As identified by the Committee, it is ordinarily the duty of the prosecution to prove all of the elements of an offence. However, the Guide to Framing Commonwealth Offences (the Guide) (at p. 50) provides that including a matter as an offence specific defence may be appropriate where:
• the matter is peculiarly within the knowledge of the defendant; and
• it would be significantly more difficult and costly for the prosecution to disprove than for the defendant to establish the matter.
The Guide also indicates that it may also be appropriate to include a matter as an offence-specific defence where only one of the above tests can be satisfied (see p. 51 of the Guide).
The offence-specific defences in the Bill allow Australian Transaction and Reports Analysis Centre information to be recorded, disclosed or otherwise used for specific purposes. The purpose of a defendant in recording, disclosing or otherwise using this information is a matter that is peculiarly within their knowledge. While external circumstances may be used as evidence of the existence of this underlying purpose, the defendant is the only person who can state with certainty their purpose in recording, disclosing or using that information.
Noting this, it would be significantly more difficult and costly for the prosecution to prove that the defendant did not record, disclose or otherwise use the information for a permitted purpose, than it would be for the defendant to point to the permitted purpose underpinning their conduct.

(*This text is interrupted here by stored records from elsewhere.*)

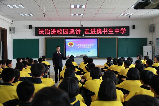 青年干警还结合宣传展板为同学们讲解了法律知识,发放了法治教育小册子。最后,青年干警和师生代表进行了座谈,倾听师生心声,了解学生的法律需求,进行面对面的深入交流。法治进校园深受师生欢迎,青年干警深感责任重大,决心加大力度、创新方法,更有针对性地做好未成年人法治教育工作。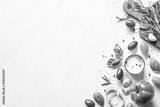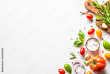 Ingredients for cooking on white stone table. Vegetables, herbs and spices with wooden cutting board. Top view with space for text.
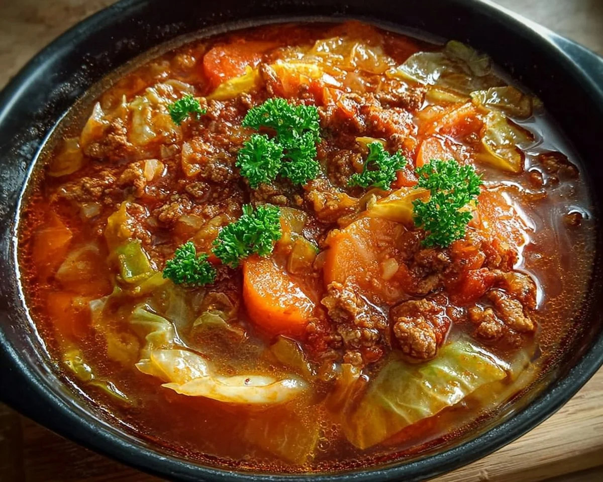 What’s in a name? Cabbage Roll Soup is basically the soul of a stuffed cabbage dinner boiled down to a bowl-friendly form. Why call it that — because it tastes just like a cabbage roll without the rolling; clever, right? Ever wondered why people say “the way to a man’s heart is through his stomach”? This soup proves that old saying with every spoonful: rich beef, tangy tomato, and tender cabbage hit all the comfort-food notes. Picture the cozy ritual of unwrapping a stuffed roll, then imagine all of that in a steaming, easier-to-eat broth. Curious yet? Give it a try and see why people joke it’s the lazy cook’s best friend.

For example, if an official of the Australian Transaction and Reports Analysis Centre disclosed information to a lawyer in breach of the offence provision at subsection 126(1) of the Anti-Money Laundering and Counter-Terrorism Financing Act 2006, the prosecution would be required to prove beyond reasonable doubt that the official did not disclose the information for a permitted purpose under subsections 126(2) or (3).
As the official's purpose for making the disclosure was only known to themselves, this would often be impossible to prove in practice. The official, on the other hand, should be readily able to point to the purpose underpinning the disclosure. If this is done, the prosecution must refute the defence beyond reasonable doubt.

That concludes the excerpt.